A Day in the Pueblos Blancos of Andalucia

“A heavenly day in the hills touring the Pueblos Blancos (White Villages of Andalucia) near Marbella and Sotogrande”. Lisa

Photo Credit: Lisa Bruno

Andalucia covers a huge expanse of Southern Spain and boasts some of the country’s best-known tourist attractions such as The Alhambra in Granada, Plazas de España and Giralda in Seville, not to mention the delightful and much-visited cities of Córdoba and Antequera. So, it’s easy to think a visit to Andalucía means a beach or city/sightseeing holiday, or a combo of both.

We say, why limit yourself when you can have it all? Base yourself in the Sotogrande or Marbella area and take a day trip, or two, far from the throngs of either and into a landscape that seems to stretch forever.

Forget the beach towels and traffic, skip the queues and head for the hills… you won’t be disappointed!

An easy day out, especially from the Sotogrande area is to head due north, towards Ronda and take in two very charming white villages, Casares and Gaucín. A little further up, there is a third village, Ubrique,  which is better known for its leather goods than its beauty. All three can be visited in a day, but you’ll need to work around opening hours.

There are innumerable Pueblos Blancos (white villages) in Andalucía, sweeping from Cádiz province in the west to Málaga province in the east and almost to Córdoba in the north. An entire circuit would be a marvelous way to see the countryside and could continue for weeks!

Photo Credit: Lisa Bruno

Hairpin bends climb away from the coast through fertile red fields, past craggy rocks and across a patchwork of green valleys rising to meet picturesque white villages hanging from precipice-like edges.

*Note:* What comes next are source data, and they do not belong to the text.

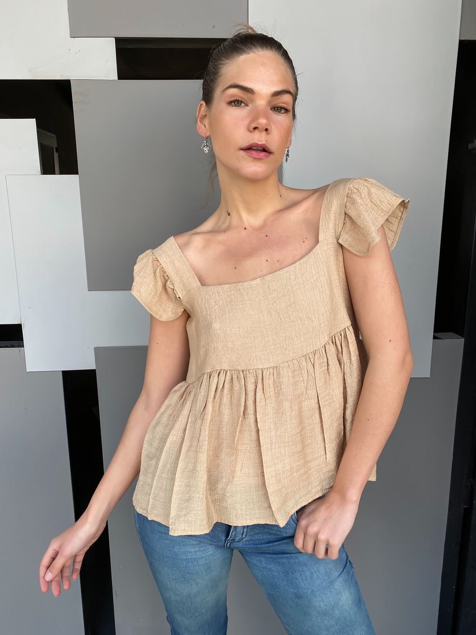 #Musculosita #crep lino #bretel tipo strass #escote reversible #TALLE UNICO
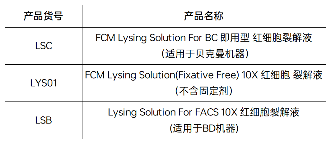 在分析血液样品时,红细胞数量过多会影响细胞群体的分析,因此,我们通常会选择合适的红细胞裂解液进行裂红。在选择裂红试剂的时候我们需要注意试剂是否含固定剂。不含固定剂的试剂作用较为温和,处理后的细胞可继续培养;而含固定剂的试剂作用较为强烈,但裂红效果相对更好,且能提高实验室生物安全性。
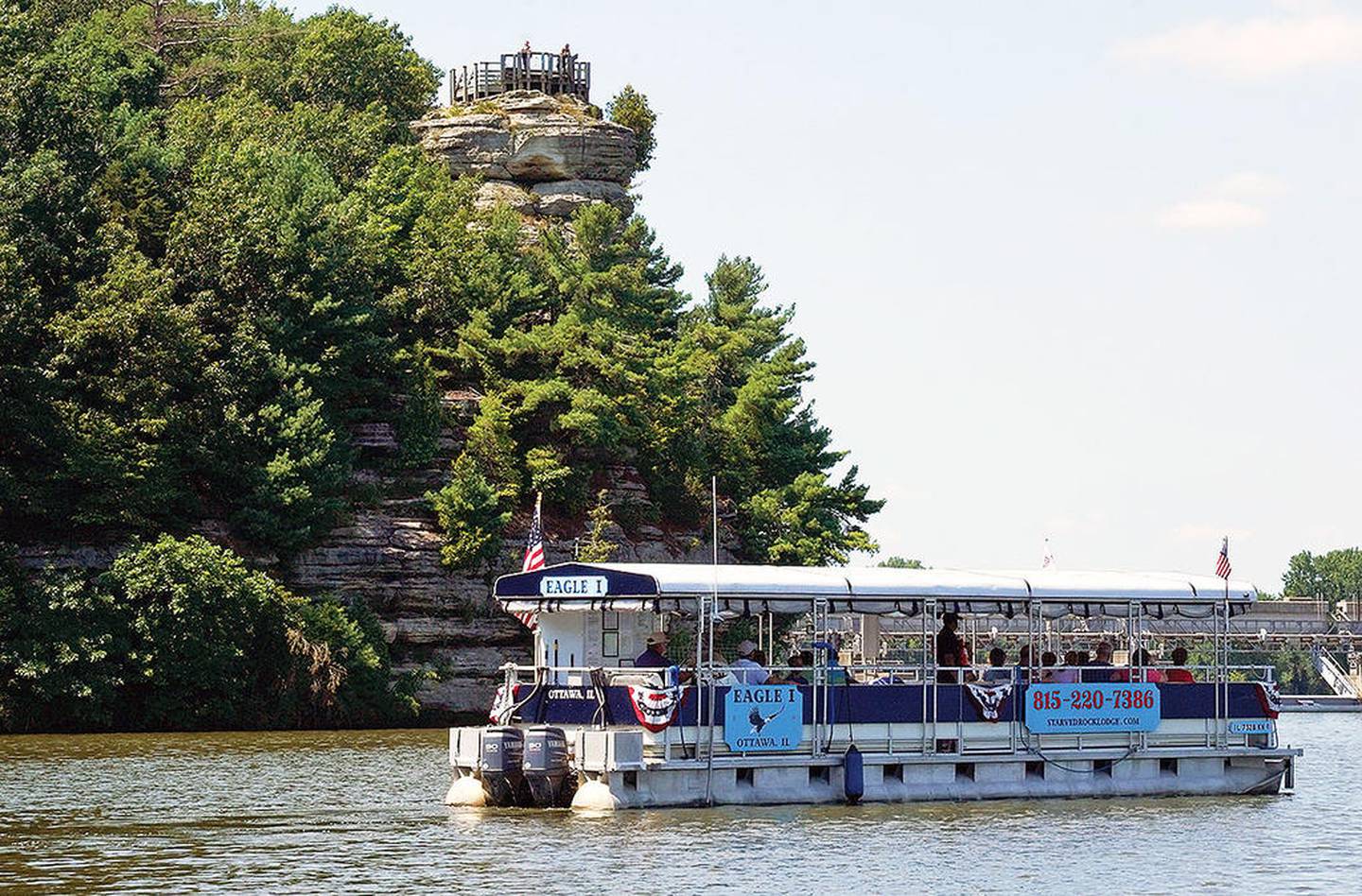 Looking for an opportunity to snap some photos of Starved Rock and the Illinois River’s famed avian visitors? Consider booking a breezy one-hour cruise aboard the Eagle I. Departing from Starved Rock Lodge, guests will take a short trolley ride to Lone Point Shelter, where they’ll board the boat for a beautiful tour of the emerging fall foliage as you learn history, hear legends and possibly even spot some wildlife along the lively Illinois River. Tours cost $35 per person.
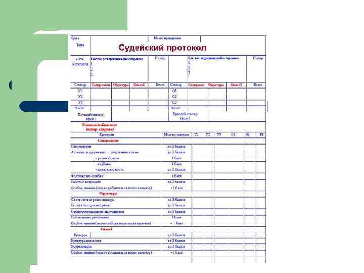 Схема проведения дебатов l l l l l У 1 – 6 минут Вопросы О 3 к У О 1 – 6 минут Вопросы У 3 к О У 2 – 5 минут Вопросы О 1 к У О 2 – 5 минут Вопросы У 1 к О У 3 – 5 минут О 3 – 5 минут 1 – 3 минуты 2 – 3 минуты
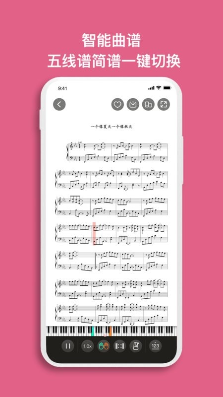 智能曲谱全新上线,拥有一键切换简谱,调节速度,变换曲调等多项智能功能。
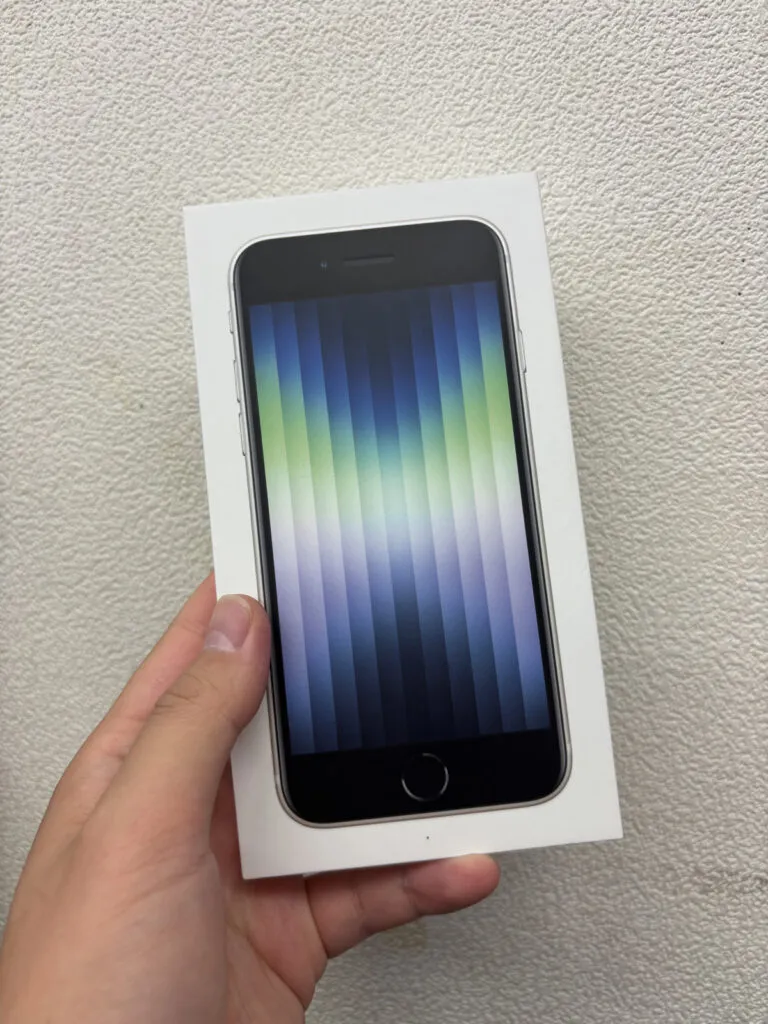 今回のお買取端末は『iPhoneSE3 64GB スターライト au ◯ 中古 箱付属品あり付属品未使用』でございます。

Look ahead and pin-prick white pueblos appear dotted across the horizon – seemingly a jumble of whitewashed houses tumbling down the rock faces. You immediately ask yourself who could have constructed such precarious strongholds and you reach for the travel guide which tells you that what you are seeing are mainly Moorish settlements dating back to medieval times. What you don’t see are the cave dwellings and many vestiges of prehistoric man which are also strewn throughout the landscape.

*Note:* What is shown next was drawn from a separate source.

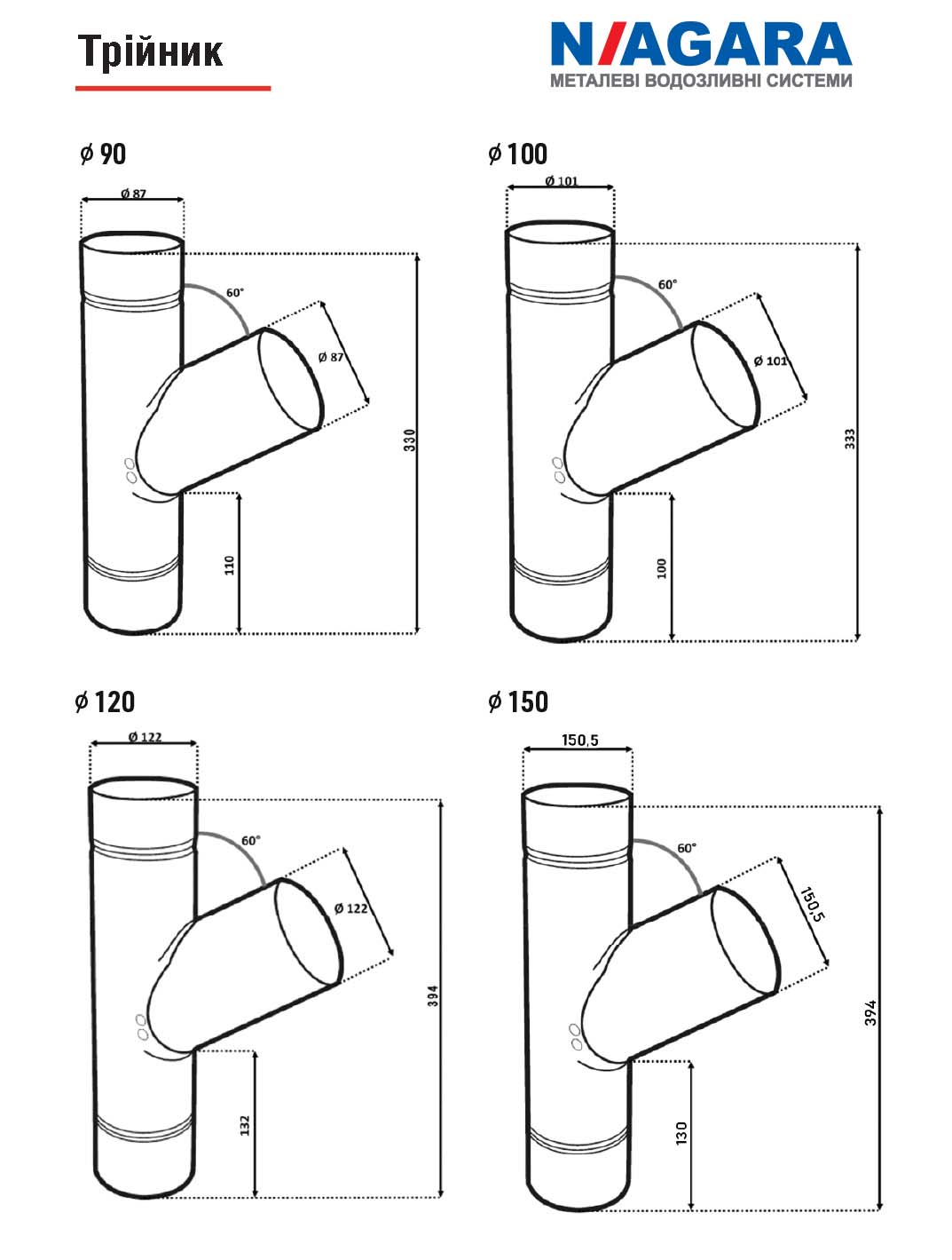 Трійник дозволяє підʼєднати дві окремі зливні труби під кутом 60о.
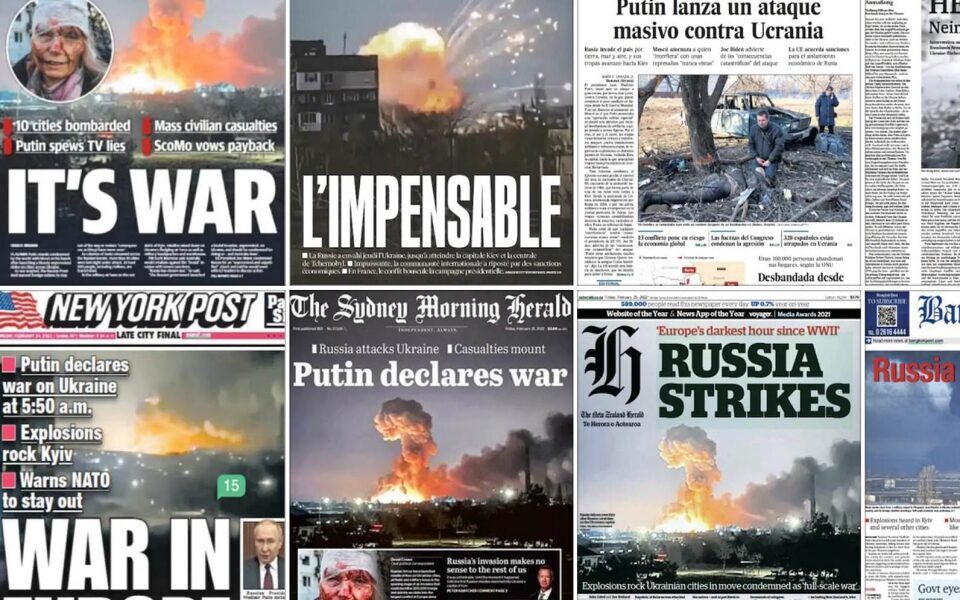 Ο κόσμος ξυπνά με τις ιαχές του πολέμου. Τα διεθνή πρωτοσέλιδα έχουν ένα μείγμα σοκ, απόγνωσης, φόβου και θυμού.

All in all, a land that has been functioning for many centuries and now offers all the delights that a modern-day traveller will revel in. History, views, restaurants, boutique hotels, sights and shops – what more could you want?

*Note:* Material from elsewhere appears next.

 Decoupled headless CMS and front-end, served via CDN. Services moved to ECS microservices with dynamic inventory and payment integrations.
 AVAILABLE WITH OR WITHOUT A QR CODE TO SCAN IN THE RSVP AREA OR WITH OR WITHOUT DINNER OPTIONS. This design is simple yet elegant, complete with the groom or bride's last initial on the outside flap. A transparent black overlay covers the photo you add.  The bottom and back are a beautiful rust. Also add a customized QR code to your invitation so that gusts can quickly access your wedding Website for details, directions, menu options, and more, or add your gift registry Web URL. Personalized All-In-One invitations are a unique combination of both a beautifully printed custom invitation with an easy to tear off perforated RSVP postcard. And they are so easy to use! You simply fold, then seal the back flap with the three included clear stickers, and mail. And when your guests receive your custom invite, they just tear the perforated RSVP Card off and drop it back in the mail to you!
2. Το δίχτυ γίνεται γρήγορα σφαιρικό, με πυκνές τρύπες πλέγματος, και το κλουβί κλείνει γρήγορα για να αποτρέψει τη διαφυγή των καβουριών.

1st stop – Casares (the lowest village) – Elevation: 246 msl

Made famous in Roman times by Julius Caesar who partook of the local sulfuric spring waters and cured a liver complaint. The spring still exists today.

A leisurely meander through the pristine village with its whitewashed walls and red/brown tiled roofs is a very pleasant pastime. Stop and look out across the Mediterranean and you’ll be awed by the sweeping views out to the iconic rock of Gibraltar and the Atlas mountains, in Africa, that feel so close you could almost touch them.

In Casares, a maze of electric cables overhead cobblestone streets and centuries-old, thick, stone walls connects the New World with the Old. Dogs bark, donkeys bray in the distance, eagles and hawks soar overhead. The air is thick with the scent of almond and orange blossoms and it seems as though you’ve reached another world.

Photo Credit: Lisa Bruno

Back to reality. A flurry of cars leaving the village marks the beginning of the siesta and quiet descends.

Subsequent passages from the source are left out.